What is scalability, really? Within the IT realm, it’s the ability to react quickly to changing business conditions. The cloud is designed for that, and for the concept of the distributed enterprise. You need more processing power for analytics or Black Friday, so you start thinking about infrastructure as a service. You need to set up a new software application quickly, so you set up software as a service. You need to do development quickly, so you contract with a platform-as-a-service provider. No matter where the business need is, the cloud is there.
See what’s missing? The time-consuming, painstaking process of budgeting, procuring, configuring, and managing new systems – a huge part of the sunk costs and lost time that go into new IT projects.
What’s also missing: the time spent agonizing about whether a project should be killed.
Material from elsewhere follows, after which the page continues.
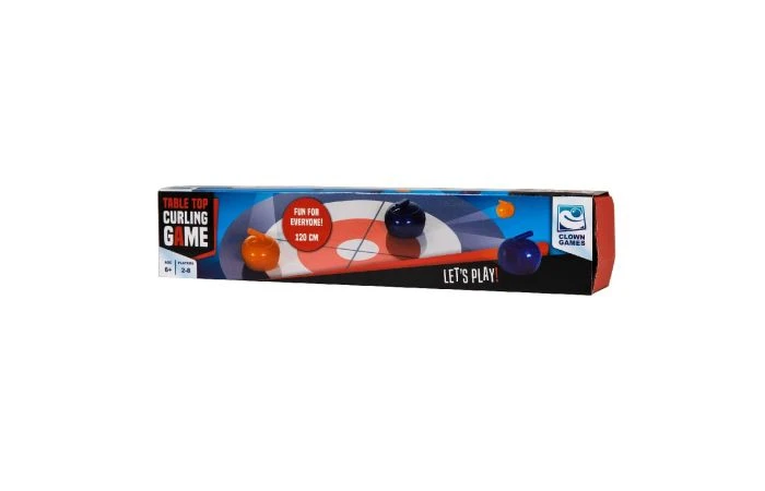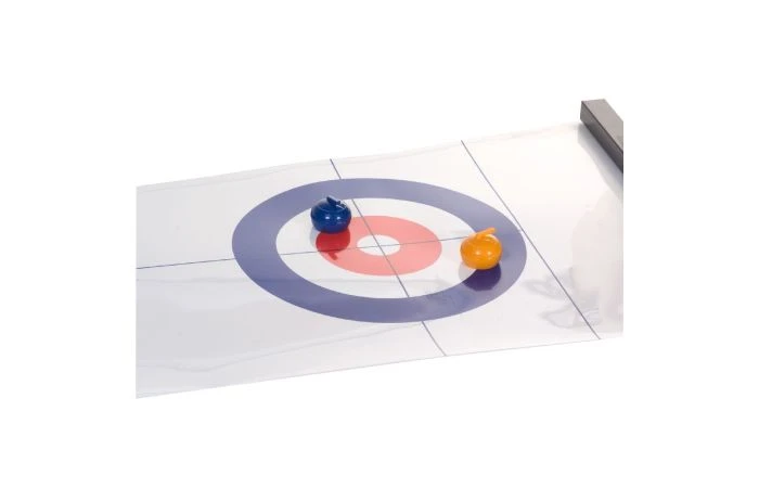 Met dit tabletop curling spel kun je gewoon thuis een potje curlen! Rol de speelmat uit op een tafel, plaats de magnetische strips en je kunt beginnen! Je speelt de curlingstenen door ze met je vingers vast te pakken en over de speelmat te schuiven. Het doel van curling is om punten te scoren, door jouw steen zo dicht mogelijk bij het midden van het huis aan de overkant van het speelveld te schuiven. Het team met de meeste punten aan het eind van een aantal rondes, wint het spel. Geschikt voor 2 tot 8 spelers vanaf 6 jaar.

The financial fundamentals of cloud computing make it easier to say, “This isn’t working. Let’s move on.” It’s also easier to say, “We have a real opportunity here; let’s invest more in it.” The result: new levels of agility.
Think about what that means for an IT department’s reputation. How many times has the CIO been referred to as “the abominable no-man” – that is, saying that projects can’t be done in a particular time frame because of a lack of money or a lack of resources? How many times has someone agonized over that horrible statistic (courtesy of research firm Gartner) that 80% of the budget is “dead money” – money spent for system maintenance but not for innovation or growth. The cloud helps enterprises recoup some – and maybe, someday, all – of that dead money.
That’s why cloud computing is so exciting. It strips away the inertia that plagues so many projects, the desire not to waste money. A distributed enterprise doesn’t waste what it doesn’t spend in the first place. In an increasingly competitive world, the ability to react quickly and to pivot smoothly becomes the new benchmark of success. The enterprise that can see opportunities wherever they may be, seize them, and then either capitalize on them or jettison them, is the one that will thrive.